Sep 14, 2005 01:18
Went to my second Tribe game in three nights tonight, and I am going tomorrow yet again. If you consider yourself a Tribe fan, how can you not be attending these games. Absolutely spectacular. I'm thinking about bringing a sign to the game tomorrow that says "My girlfriend just broke up with me, but the Tribe will never leave me." I figure it'll get me on tv for sure.
As far as that is concerned. Kelly and I had a really good talk Monday night. Kinda aired everything out on how we were feeling and what lies ahead for the two of us. I feel the need to make some clarifications on her behalf, because some of the things I wrote in my last post were incorrect. She is not seeing Jason, yet. It'll probably happen, but currently, it isn't. Along those same lines, she decided she couldn't go to the concert because of me still hurting and seeing her would probably not help. I think I probably agree with her. It is really difficult not having her to talk to every night anymore, and I'm still finding myself having to put down the phone a couple times a day when I have the urge to talk to someone. Living by myself was OK when I knew that at least I'd have her to talk to every night. But at this point, I am insanely lonely. I know she said I can call her, but right now I think I want to give her some space. Let her do her thing. I don't want to be seen as the psycho ex-boyfriend that can't let go, even though some of my actions the last week and a half seem to be contradictory to that idea. Every day gets a little bit better. I feel a little bit more comfortable, it's just really difficult to let go after two years even when you know it wasn't the right time. Ah well, going to see the doctor tomorrow, actually later today, and hopefully I am starting to get myself back on track.
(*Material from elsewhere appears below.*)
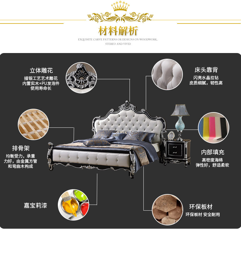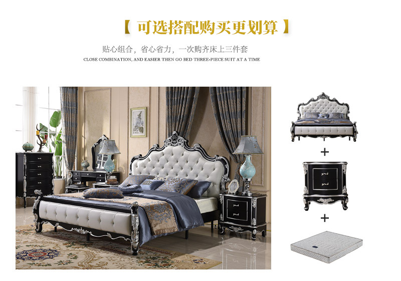 风飞扬家具 欧式双人床实木床1.8米法式田园床现代简约公主床主卧

Every day is a mix of laughter, excitement, joy, anger, confusion, panic attacks. I don't wish this kind of mental problem on anyone. I know I'm really beating a dead horse with the topics on here since I started it back up. It's just that with the loneliness comes a need to vent some frustrations and thoughts. This is sort of like an online therapy for me. I always feel better after doing one of these, even if I don't agree with what I wrote when I reread it the next day. For those of you who read and are getting sick of these Kelly/ depression posts, just bear with me for awhile. I need to heal a few wounds, and right now thats going to take time.
Special thanks the D to the Rew for going to the concert with me this upcoming Friday. Shooters before hand to get a few brews followed by a kick ass concert sounds like a fantastic time to me. Every night I go out I feel a little bit better, and I know that eventually I will be fine again.
Kicked the shit out of my prosimian quiz today. I got a 100%. There was a word box up top and all I used it for was spelling, now that is a good feeling. New World Monkey quiz next tuesday, which means another 30 Genus species I have to memorize. Should be a little tougher, but with my results on this first quiz, I am feeling a lot better about the class as a whole. I know I have previously stated "I hate monkeys, they throw poo at you," but I am really getting into this topic, and I am already looking into graduate programs that can help me with zoology and or primatology.
Well, thats enough for now. Hope everyone has a good night's sleep. I know I need one for a damned change.